** YOUR GOAL **
Return only the lines from the top of the data down to the one that holds "希望のスケジュールが設定できたら、「完了」ボタンを押しておきましょう。", both included, without any pictures.

** DATA PROVIDED **
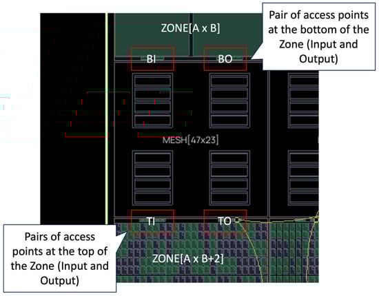 Floorplanning view from the Impulse tool. Access points at the top (TI and TO) and bottom (BI and BO) of two Zones allow the routes to enter the general routing channels through the Mesh.
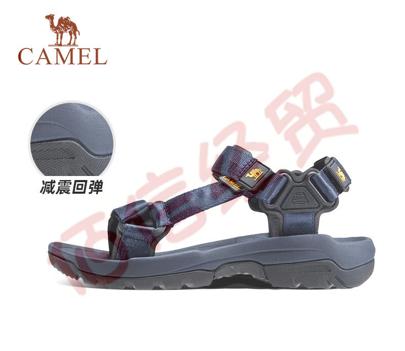 駱駝(CAMEL)男鞋款舒適輕便魔術(shù)貼休閑涼鞋防滑耐磨涉水沙灘鞋 FOS2220016,深藍(lán),男 41 自營
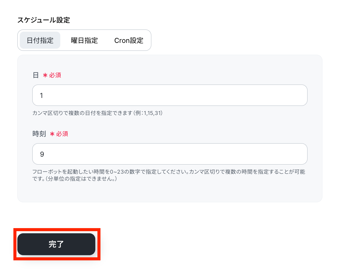 希望のスケジュールが設定できたら、「完了」ボタンを押しておきましょう。
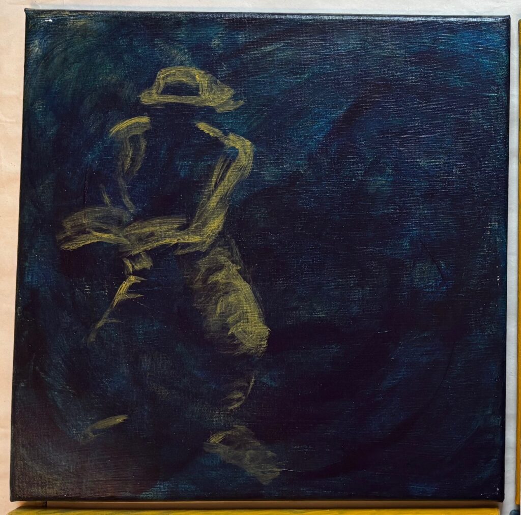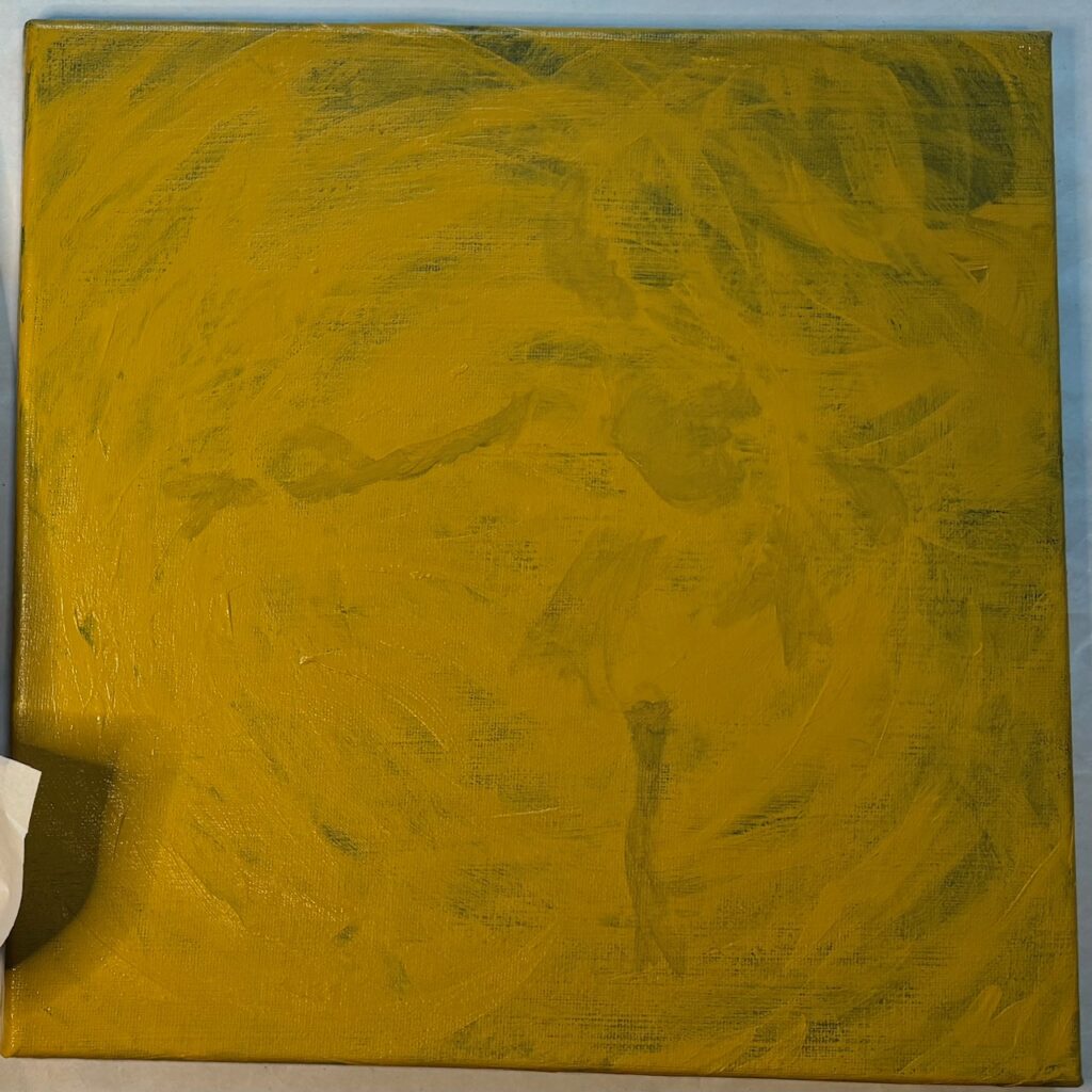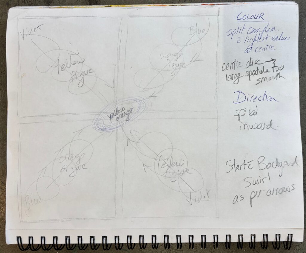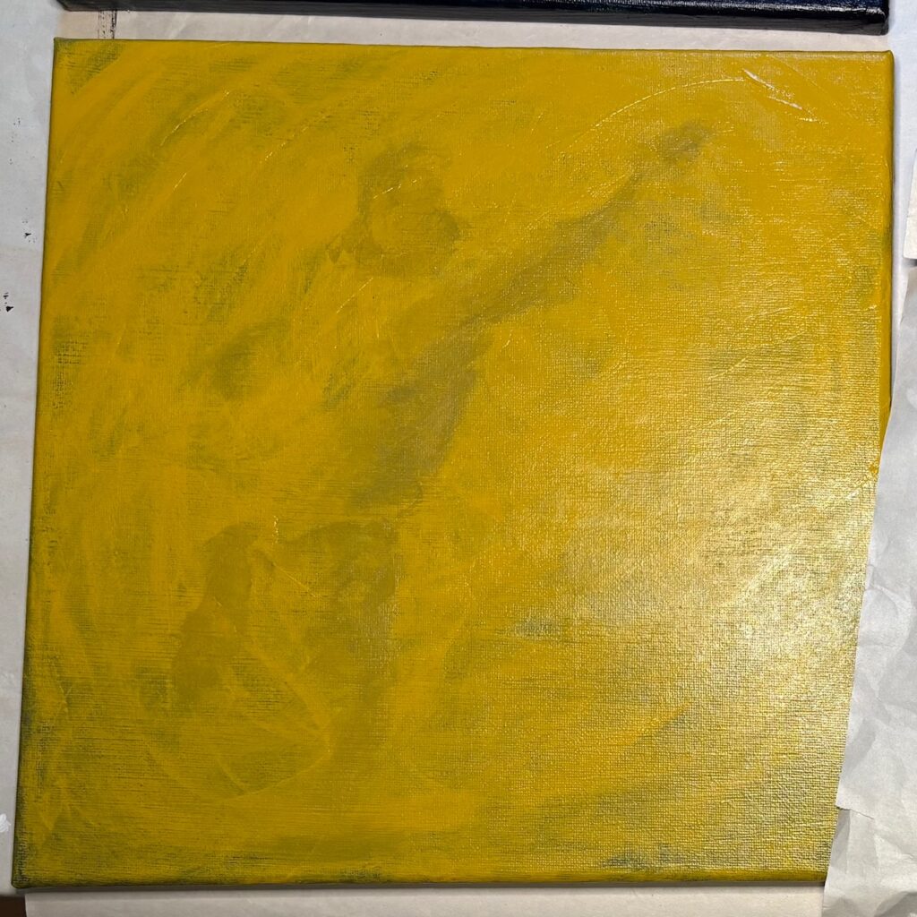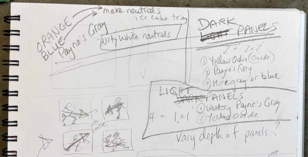 Working plan for paint application (interesting to see if it goes as planned!!) : 1) large brush swirling application for background, removing as well as adding the surface colour with dilute paint and covering same ground repeatedly. 2) Switch to med brush size for gestural drawing (2 min) each figure, in colour barely different from background. 3) Switch again to small size applicator (brush and/or palette) for shadows in grey blue (on the yellow panels) or highlights in yellow (on the grey blue panels). 4) Final spatter / flick paint to make drip trail that crosses between panels?? (Risky!)

** COMPLETED EXERCISE **
 Floorplanning view from the Impulse tool. Access points at the top (TI and TO) and bottom (BI and BO) of two Zones allow the routes to enter the general routing channels through the Mesh.
 駱駝(CAMEL)男鞋款舒適輕便魔術(shù)貼休閑涼鞋防滑耐磨涉水沙灘鞋 FOS2220016,深藍(lán),男 41 自營
 希望のスケジュールが設定できたら、「完了」ボタンを押しておきましょう。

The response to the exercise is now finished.